Она взглянула на мальчика и, найдя, что наружность у него приятная и открытая, ответила:
— Он из Греции!
— Из Греции?
— И поэтому мы его зовем Паликаром.
— А, вот почему!..
Говоря по совести, мальчик не совсем понял, почему греческого осла нужно звать Паликаром.
— А это далеко — Греция? — спросил он.
— Очень далеко.
— Дальше, например, Китая?
— Нет, не дальше, но все равно очень далеко.
— Вы сами тоже из Греции?
— Нет… мы были еще дальше.
— Стало быть, из Китая?
— Нет… А вот Паликар — тот из Греции.
— Вы едете на праздник Инвалидов?
— Нет.
— А куда же?
— В Париж.
— И где думаете остановиться?
— В Оксерре нам говорили, что на бульварах линии укреплений есть свободные места.
Мальчик опустил голову и два раза громко хлопнул себя но бедрам.
— Бульвары на линии укреплений!.. Ну-у!..
— Разве там нет мест?
— Есть…
— Так что же?
— Только не для вас! Эти укрепления — очень опасное место. Скажите, у вас в фуре есть сильные здоровые мужчины, не боящиеся удара ножом, то есть не боящиеся получить такой удар и готовые нанести его сами?
— Нас только двое — я и мама.
— Вы дорожите своим осликом?
— Разумеется.
— Да его у вас там сразу украдут — а дальше еще и не такое может случиться. Не будь я Гра-Дубль, если это не так!
— Неужели это правда?
— Честное слово… Вы никогда раньше не бывали в Париже?
— Никогда.
— Это видно. Оксеррские дураки наговорили вам чепухи, а вы и верите… Почему бы вам не обратиться к Грен-де-Селю?
— Кто это Грен-де-Сель? Я его не знаю.
— Это владелец Шан-Гильо… У него есть поле, обнесенное забором, и на ночь оно запирается. Там вы будете в полной безопасности. Грен-де-Сель не задумается и выстрелит в того, кто попытается забраться к нему ночью.
— У него, наверное, дорого?
— Зимой — да; тогда у него бывает много народа. Но теперь, я думаю, он возьмет с вас не больше сорока сантимов в неделю за постой фуры; и у осла вашего всегда будет корм, особенно если он любит репейник.
— Он, кажется, любит.
— Так в чем же дело? Грен-де-Сель человек неплохой.
— А почему его так зовут?[1]
— Потому, что ему вечно хочется пить.
— А далеко отсюда до Шан-Гильо?
— Нет, недалеко. Это в Шаронне. Но вы, наверное, не знаете, где Шаронн?
— Я же никогда не бывала в Париже.
— Это вот там.
Он показал рукой на север.
— Проехав заставу, сразу же поверните направо.

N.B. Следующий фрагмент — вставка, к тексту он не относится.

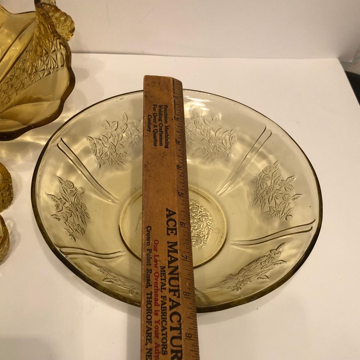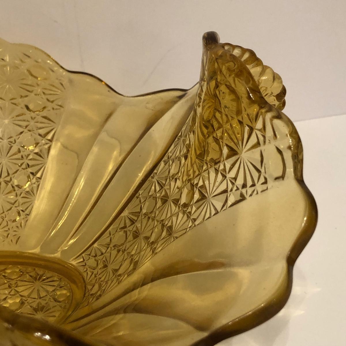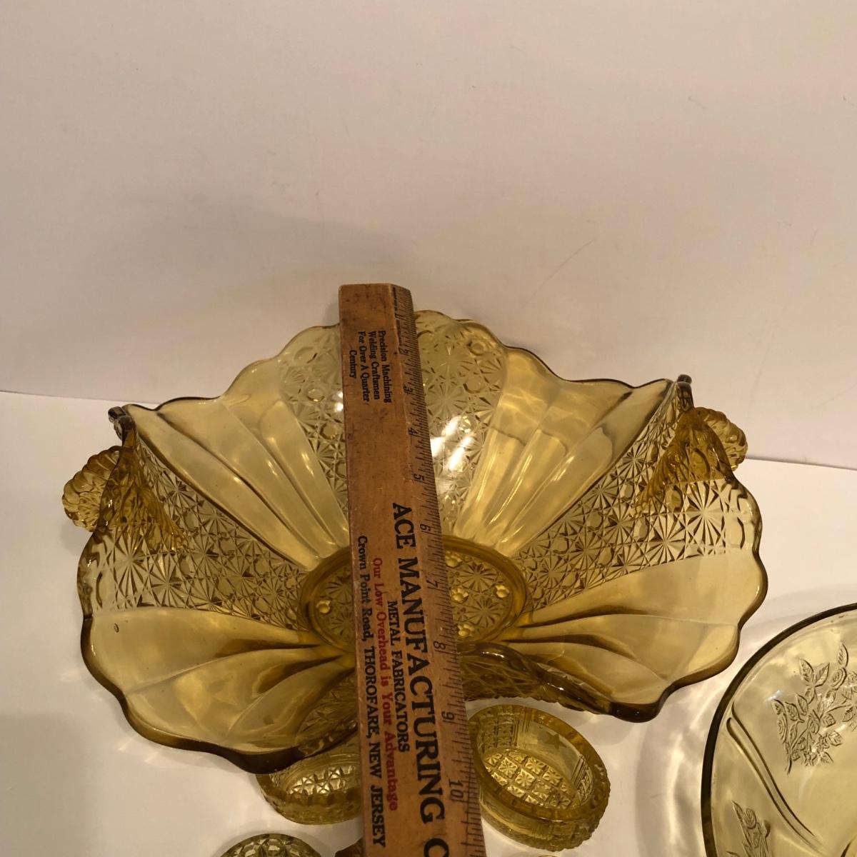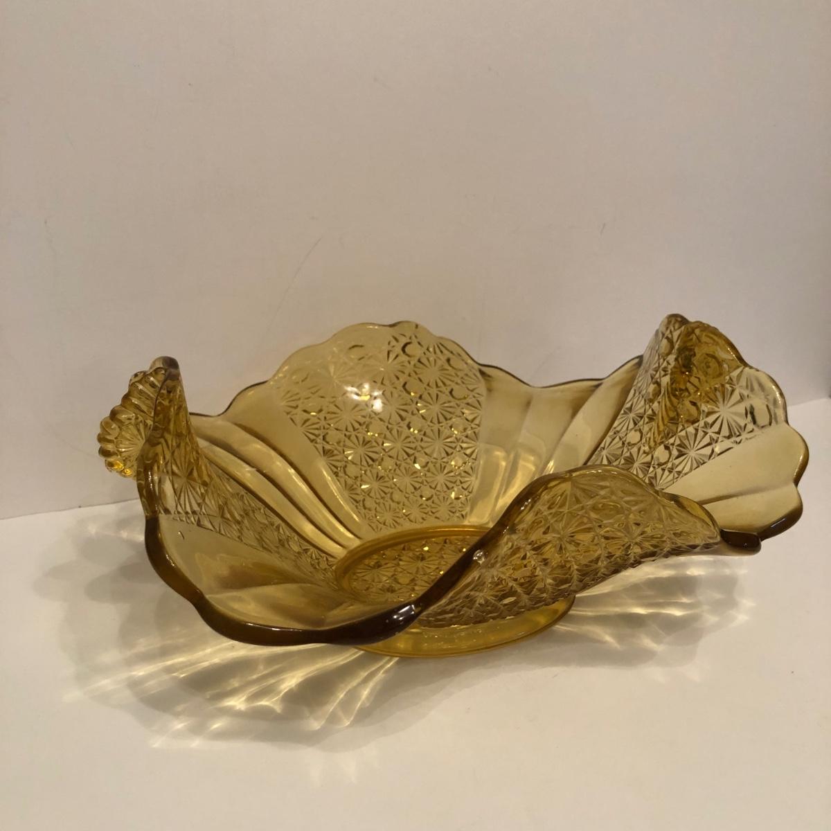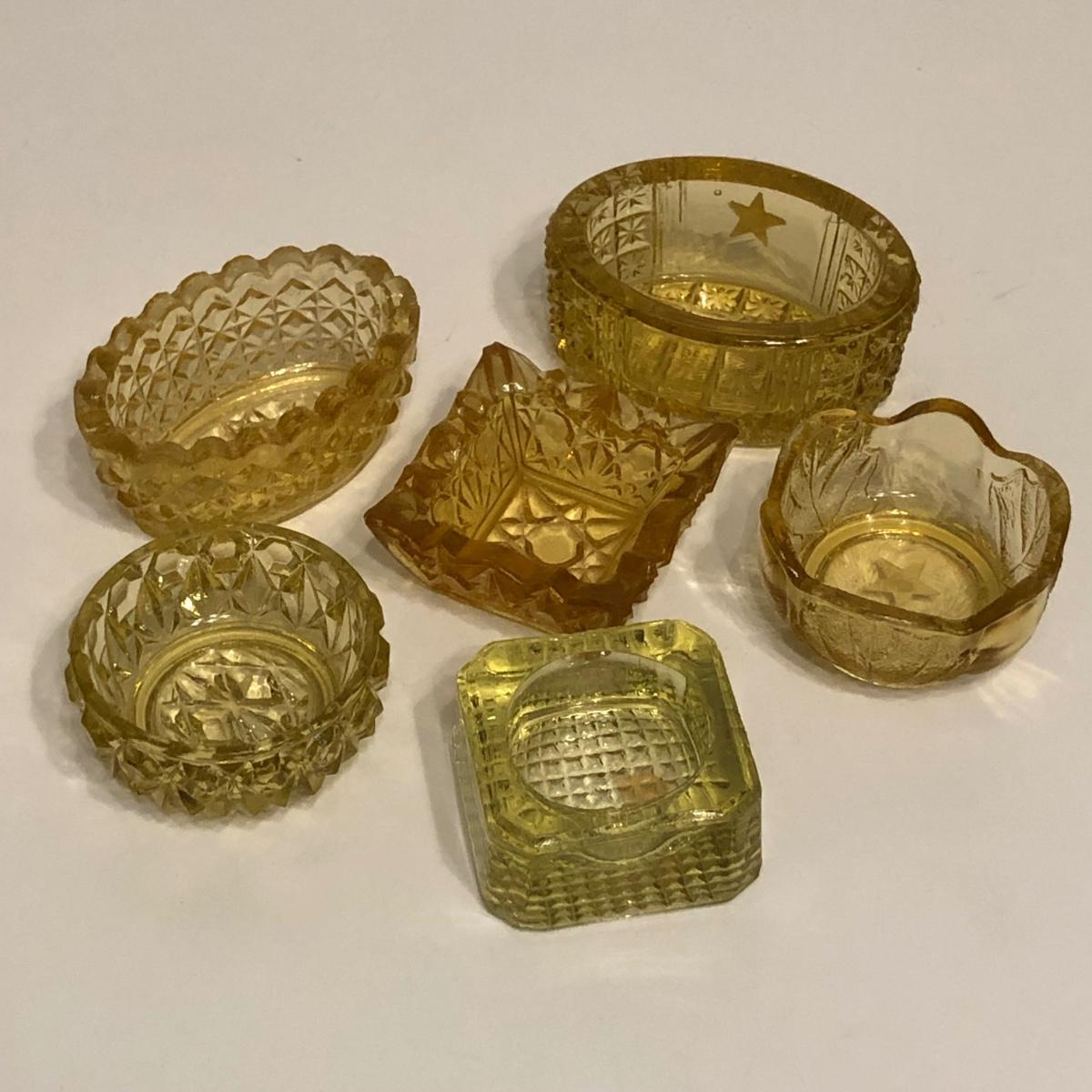 LOT 252M: Vintage Yellow & Amber Glass - Depression Sharon Cabbage Rose Bowl, Daisy & Button Winged Bowl & Salt Dishes

Полчаса надо ехать по бульвару, вдоль линии укреплений; потом вы пересечете аллею Венсенн, повернете налево и там спросите. Любой вам укажет Шан-Гильо.
— Большое спасибо. Я скажу об этом маме. Я даже сейчас могу к ней сбегать, если вы согласитесь две минуты постеречь Паликара.
— С удовольствием. Я попрошу, чтобы он научил меня говорить по-гречески.
— Пожалуйста, не позволяйте ему есть сено.
Перрина вошла в фуру и передала своей матери то, что слышала от молодого акробата.
— Если это правда, то думать не о чем: надо ехать в Шаронн. Только найдешь ли ты дорогу? Подумай, — ведь это Париж!
— Мне кажется, это не так трудно.
Прежде чем выйти, девочка снова наклонилась к матери и сказала:
— Тут несколько телег и повозок с надписью: «Марокурские заводы», а внизу: «Вульфран Пендавуан». Та же надпись на брезенте, которым прикрыты бочки с вином.